I buy artists records, regardless of label or origin, whenever i see fit.
I often 'test drive' said records on myspace, or youtube, having wasted $15-20 time and time again on albums that just didnt cut it.
There is a tremendous difference between artists and businesses masquerading as artists.
Artists have and always will make the vast majority of their money from touring. This is true from the local bar band to 50-cent.
Businesses will always make their money from record sales.
I will always support artists, because I am one.

1) Who owns the content?
2) Owner compensation - if everyone out there gets a free pass, what is the incentive for the owner to actually create something? Otherwise, how does one restrict the flow if "legally" they are not allowed to (in your model)
All in all, it seems to me you're trying to put a lipstick on a pig. DMCA's provision that Google uses was specifically designed for [internet|online] service providers - and unless you consider Google to be one, they're in violation here.

Dear Larry,
Nice post!
I especially liked the sentence where you used the words "textile" and "thread".
Well crafted!
Dear Kimberly,
Artists are not being stripped of their rights, they are merely being forced to jettison their dated monetization models and embrace new ones.
The failure of copyright laws in China did not force Chinese musicians to starve (or even stop creating), it merely forced them to embrace new monetization models.
So, for example, they derive the lion's share of their income from commercials, endorsements, and live performances rather than CD sales.
If musicians want to make money from their creations (as opposed to merely expressing themselves) then they need to be prepared to change their monetization strategies in conformance with changing consumer practices.
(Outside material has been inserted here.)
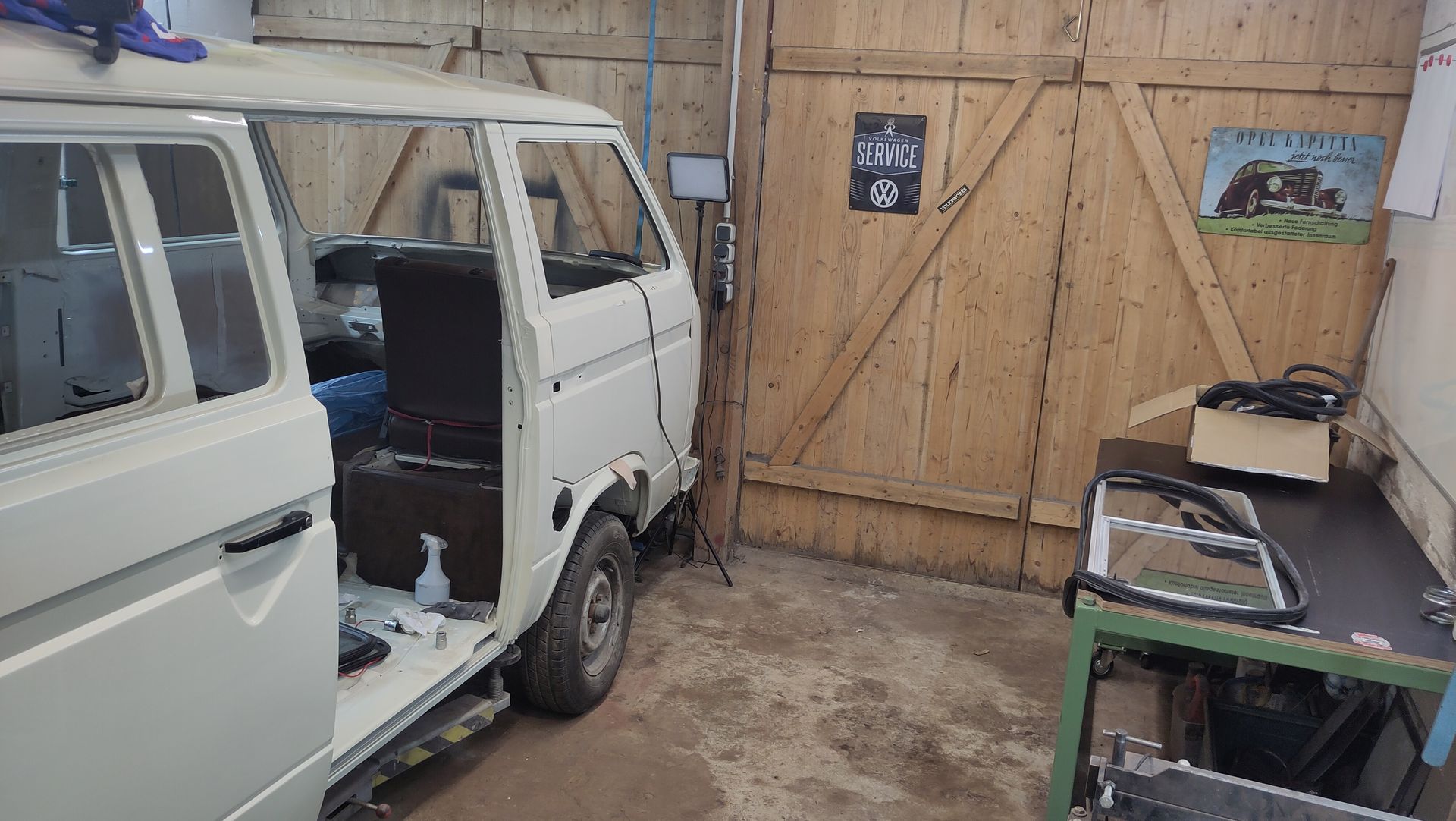 • Ich habe hier ja grade eine leere neu lackierte T3 Karosse stehen und daneben liegt der ausgebaute 2,8i vom Taunus rum.

First, as always I concur with the comparison between the industrial revolution and the information revolution. However, I think it might be worth putting some of this in perspective. The results of the battles during the industrial revolution determined whether or not people had something to eat. The results of the current battles will determine whether or not someone can see Justin Timberlake. Obviously there is a lot of money involved, and speaking as an artist I think that there are serious cultural issues that need to be resolved, but I would never confuse them with going to bed hungry.
And then of course, your final paragraph begs for your next posting where you help lead us in the right direction to resolve these thorny issues.

Your comment about Justin Timberlake ignores so many different aspects of our current situation. Seeing Justin Timberlake (or whoever) doesn't just happen. It is a visual form of art, even if you think his performance is artless. Nonetheless, for you to "see" him on your computer, there were many people involved -- writers, cameramen, directors, and yes, Mr. Timberlake himself. And perhaps countless other people -- all of whom, just as their Industrial Revolution counterparts, need to eat.
This is the information Age. It is what we buy and sell. To strip it of value is to strip most of our livelihoods of value. It is to take away our ability to make money and -- therefore -- to eat.
YouTube has been stripping the value off all of this work, and doing it in front of the whole world. Someone had to step in and challenge them on it. I'm glad to see that Viacom (as well as Mark Cuban) are doing so.
Viacom has made some smart moves lately -- signing deals with Joost, overhauling MTV's online strategy -- and now this. I think it's good for the web, and for all of in the creative feilds, to have a force on the side of copyright.
Again, in an information age, protection of information is all we have.